# IceCube: Creating a dataset

This notebook creates a dataset on google drive to train the model.
Initial training batches are also uploaded to google drive.

Every 5 training batches were collected in a pack of 1m examples.<br>
These examples were sorted by sequence length and combined into groups of the same length. 

## Load data from disk

In [None]:
%%time
CREATE_DATASET      = True          # start dataset generation
LOAD_FROM_DISK      = True          # download kaggle source batches from google drive

DROP_AUX            = False         # throw out aux==True
DOMS_AGG            = False         # aggregate by sensors (time of the first)
T_MAX               = 512           # maximum number of pulses in an event
IS_AGG              = True          # generate aggregated event features

LINES_FILTER        = False         # set a filter by the number of strings in the event
LINES_MIN           = 0             # minimum number of strings (if LINES_FILTER==True)
LINES_MAX           = 100           # maximum number of strings (if LINES_FILTER==True)
#-------------------------------------------------------------------------------

FIRST_BATCH_ID   = 1                # number of the first batch for training and validation
NUM_BATCHES      = 10               # total number of batches for training and validation
BATCHES_IN_PACK  = 5                # number of batches per group for training and validation

# folder for the resulting dataset:
DATASET_FOLDER = "/content/drive/MyDrive/IceCube/IceCube-Dataset/ALL_512"
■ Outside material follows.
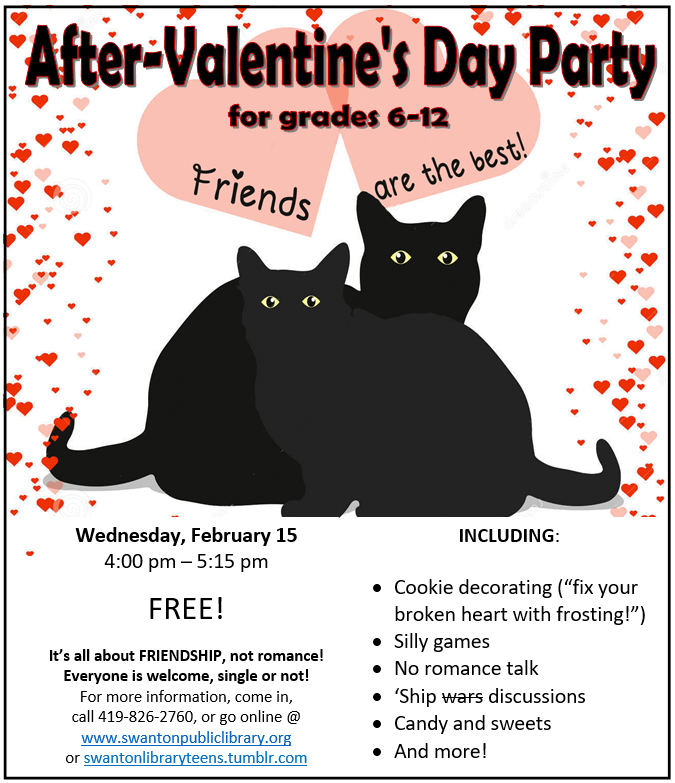 Not in a relationship? Or just don’t care about all that romance stuff? Come to the library from 4:00 pm to 5:15 pm on Wednesday, February 15 for an after-Valentine’s Day party that’s all about celebrating friendship instead of romance – and sweets! We’ll have broken heart cookies to decorate and silly icebreaker games to play. Only talking about fictional relationships (‘ships’) is allowed! Everyone is welcome, single or not. Registration is not required. Grades 6-12. FREE!
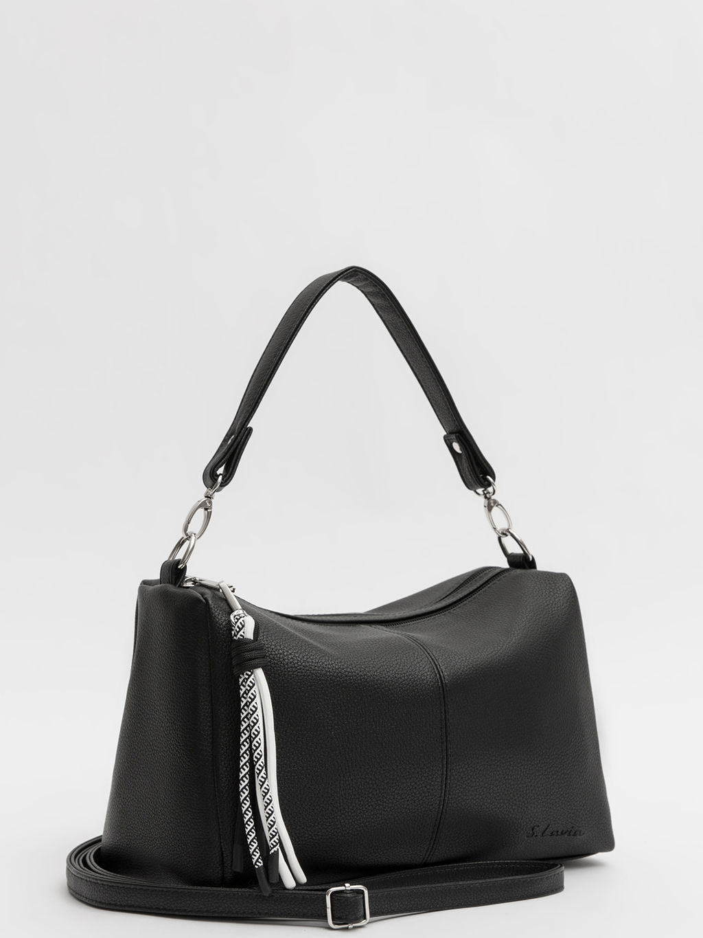 Сумка кросс-боди среднего размера удобный и стильный аксессуар для повседневного использования. Оснащена двумя отделами на молниях, что позволяет удобно организовать пространство. Внутри расположен небольшой карман для мелочей, а на задней стороне внешний карман на молнии. Сумка комплектуется длинным регулируемым ремнём на карабинах и короткой ручкой из винилискожи для комфортного ношения.­

#===============================================================================

import os, gc, sys, time, datetime, math, random,  psutil
import numpy as np
import matplotlib.pyplot as plt
from   pathlib   import Path        
from   tqdm.auto import tqdm
import pandas as pd
import pyarrow, pyarrow.parquet as pq     # read by chanks
import torch

from psutil import virtual_memory
print(f'Your runtime has {(virtual_memory().total / 1024**3):.1f} gigabytes of available RAM\n')
#===============================================================================
# Copying competition batches from google drive
if LOAD_FROM_DISK:
    !cp /content/drive/MyDrive/IceCube/IceCube-Dataset/train_meta_splitted.zip /content/
    !unzip -q /content/train_meta_splitted.zip
    !rm       /content/train_meta_splitted.zip

    !cp /content/drive/MyDrive/IceCube/IceCube-Dataset/sensor_geometry.csv /content/
    !cp /content/drive/MyDrive/IceCube/IceCube-Dataset/scattering_and_absorption.csv /content/
            
    for batch_id in tqdm(range(FIRST_BATCH_ID, FIRST_BATCH_ID + NUM_BATCHES)):
        !cp    /content/drive/MyDrive/IceCube/IceCube-Dataset/train/batch_{batch_id}.parquet /content/

## Prepare Data Functions

In [None]:
#===============================================================================
PATH      = Path("/content")                  # path to dataset
PATH_PHYS = Path("/content")                  # path to dataset
PATH_META = Path("/content/content/icecube-neutrinos-in-deep-ice/train_meta")
files_trn = [item for item in (PATH  / "train").glob('*')]  # all train files
print(f"{len(files_trn):3d} train files")
#===============================================================================

def info(text, pref="", end="\n"):
    """ 
    Information about the progress of calculations (time and memory) 
    """
    gc.collect()
    ram, t = psutil.virtual_memory().used / 1024**3,  time.time()    
    print(f"{pref}{(t-info.beg)/60:5.1f}m[{t-info.last:+5.1f}s] {ram:6.3f}Gb > {text}",end=end)
    info.last = time.time(); 
info.beg = info.last = time.time()

#-------------------------------------------------------------------------------

def get_sensors():
    """ 
    Get sensor positions 
    """            
    df = pd.read_csv(PATH / "sensor_geometry.csv")      
    df['line_id'] = df.sensor_id // 60 + 1                 # string id
    df['core']    = (df.line_id > 78).astype(np.float32)   # sensor from DeepCore
    df.x = ( df.x * 1e-3 ).astype(np.float32)              # distances in kilometers
    df.y = ( df.y * 1e-3 ).astype(np.float32)
    df.z = ( df.z * 1e-3 ).astype(np.float32)    
    
    from scipy.interpolate import interp1d                 # add absorption
    phys = pd.read_csv(PATH_PHYS / "scattering_and_absorption.csv")
    phys.z = (phys.z * 1e-3).astype(np.float32)
    phys.a = (phys.a * 1e-2).astype(np.float32)
    interp = interp1d(phys.z, phys.a)
    df['a'] = interp(df.z)

    df['r'] = np.sqrt(df.x**2 + df.y**2)

    return df[['sensor_id', 'line_id', 'core', 'x', 'y', 'z', 'a', 'r']]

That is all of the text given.